Как и все стоящие в строю, Алексей Костров слушает его, и знакомые, казалось бы, известные события приобретают совсем другой смысл.

– «Враг уже захватил Ворошиловград, Старобельск, Россошь, Купянск, Валуйки, Новочеркасск, Ростов–на–Дону, половину Воронежа…»

И дальше:

– «Часть войск Южного фронта, идя за паникерами, оставила Ростов и Новочеркасск без серьезного сопротивления и без приказа из Москвы, покрыв свои знамена позором…»

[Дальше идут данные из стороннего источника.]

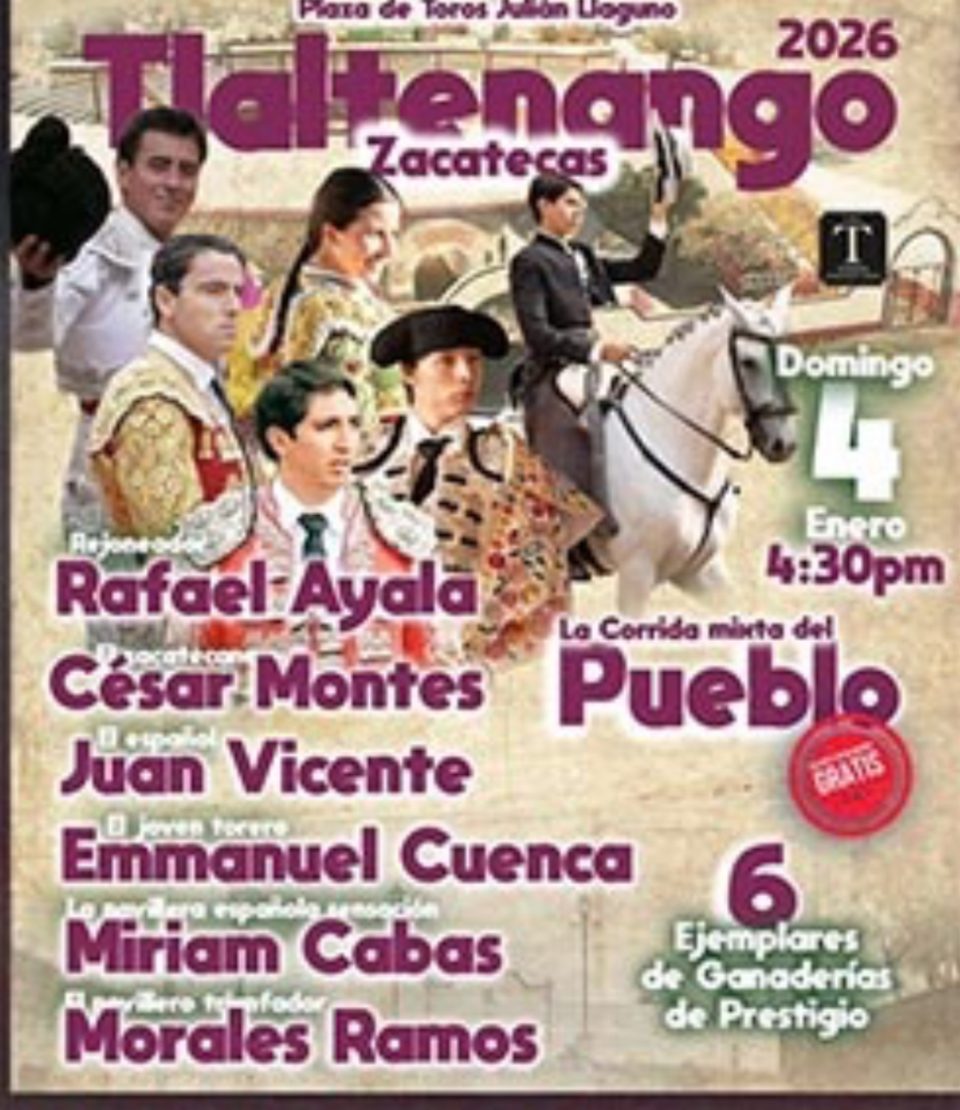 La empresa Casa Toreros dio a conocer la feria de Tlaltenango que este año estará conformada por dos espectáculos: una corrida de toros y un festejo mixto, a celebrare el 28 de diciembre y 4 de enero, en la plaza “Julián Llaguno”, en una de las citas de mayor relieve del estado de Zacatecas. En la misma…
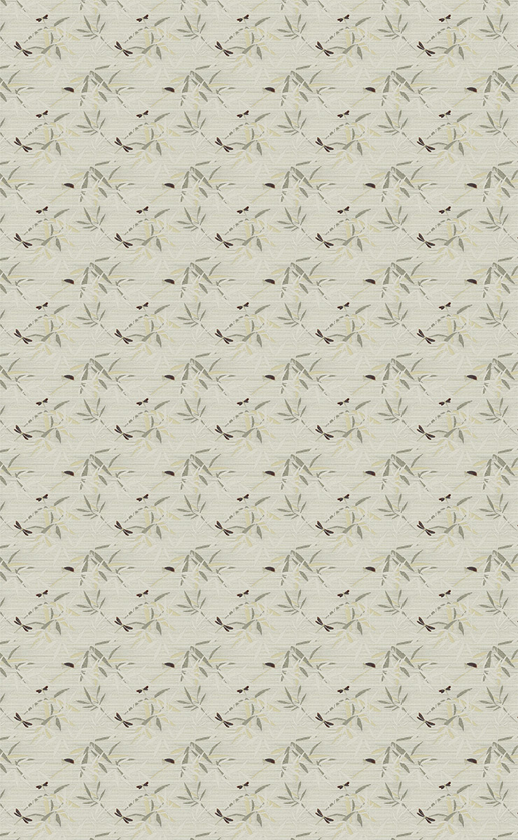 Les libellules et les feuilles de bambou se dessinent sur un fond en gros grain. Ce décor en jacquard en soie de cette création Armani Casa est visuellement très proche d'une broderie. Les variantes colorées inattendues et les tons neutres plus subtils sont animés par des touches de couleur brillantes sur des détails complexes.

Эти слова словно в грудь толкают Кострова. И, хотя он не воевал под Ростовом, ему становится до жути стыдно и за себя, и за стоящих рядом с ним, и за всех тех, кто имеет сейчас оружие. Но читающий не останавливается, и предчувствие чего–то страшного, что скажет сейчас Гребенников, охватывает Кострова.

И вот оно наступило:

– «Население нашей страны, с любовью и уважением относящееся к Красной Армии, начинает разочаровываться в ней, теряет веру в Красную Армию, а многие из них проклинают Красную Армию за то, что она отдает наш народ под ярмо немецких угнетателей, а сама утекает на восток».

Эти слова поражают стоящих тяжестью правды. До сих пор каждый из них в душе понимал это, но даже самому себе никто так открыто, так беспощадно прямо и резко не смел говорить.

– «Некоторые неумные люди на фронте утешают себя разговорами о том, что мы можем и дальше отступать на восток, так как у нас много территории, много земли, много населения и что хлеба у нас всегда будет в избытке… Но такие разговоры являются насквозь фальшивыми и ложными, выгодными лишь врагам… Отступать дальше – значит загубить себя и загубить вместе с тем нашу Родину…»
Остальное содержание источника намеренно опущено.